In the apartheid era, South Africa’s blacks were mostly Christian and animist. Very, very few were Muslim. Back then, there was no expressed backing for, or interest in, the PLO or any other anti-Israel terror group. Except for a radical fringe group, they never called for the Whites to be driven into the sea. Israel’s Arabs are 94 percent Muslim and most, including their Knesset members, support the Palestinian national cause, whose avowed goal is to turn Israel into an Islamic country called Palestine – “from the River to the Sea.”
This won’t happen, thank God, but if it did, we can be sure there would be no South African-style “Truth and Reconciliation Commission” here, just Shari’a show trials, pogroms and massacres.
I could go on about just how miserable daily life would be for Israel’s Arabs if this country was run by an apartheid regime. The diametrically-opposite truth is that the Arab citizens of the Jewish state enjoy an incalculably higher standard of living and quality of life than do any of their fellow Arabs in their 22 Arab states.
To suggest that Arabs in Israel live lives in any way comparable to the miserable existence endured by black South Africans is to do a terrible injustice both to Israel and to the victims of the state which coined, legislated and practised actual apartheid.
This is a libel that must be exposed for the malicious fallacy that it is.
A greater apartheid is probably the prejudice the world has towards God and His people. The world has suffered many defeats from God’s people who are in messiah, and still does today. The world’s immorality, corruption and injustice are constantly successfully challenged.
Israel is seen as a weak link. They are God’s people but they don’t know how to access messiah as others do. The world knows it’s outside the kingdom of God because it wants to be out. It knows its citizens will not enjoy the favoured blessings of God’s people so it accuses God’s people of apartheid, the deliberate separation of them.

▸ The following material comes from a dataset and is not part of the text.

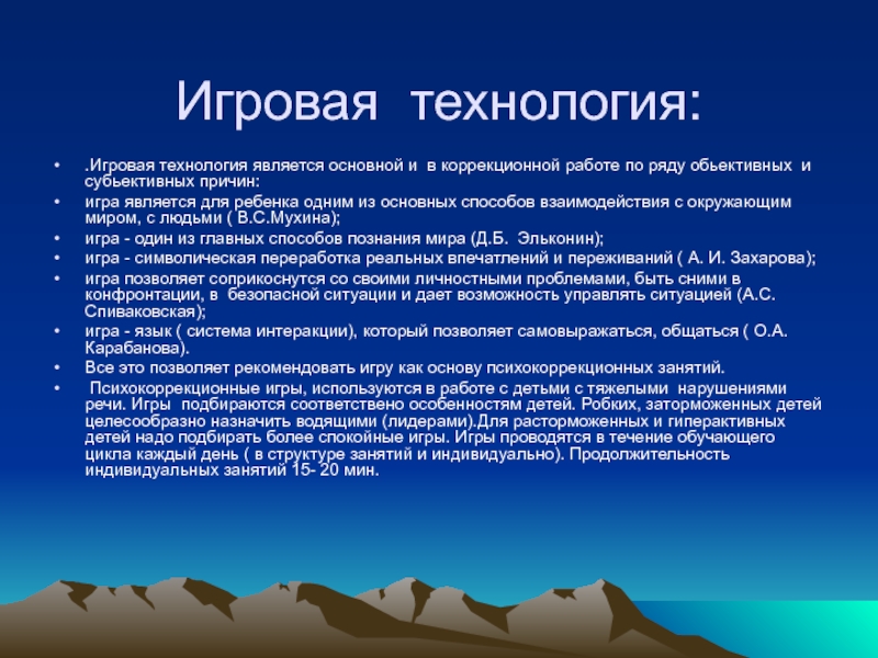 .Игровая технология является основной и в коррекционной работе по ряду

Israel cannot share the gospel with them to show them how to become God’s people, so they must remain outside. They don’t like that but inclusion would mean repentance. Their current affiliations to various ideologies and religions would have to be severed. One day Israel will know Messiah and will call all nations to the house of prayer (Is 56:7; Matt 21:13), but in the meantime it has to put up with the world realising it is separated from being part of God’s people.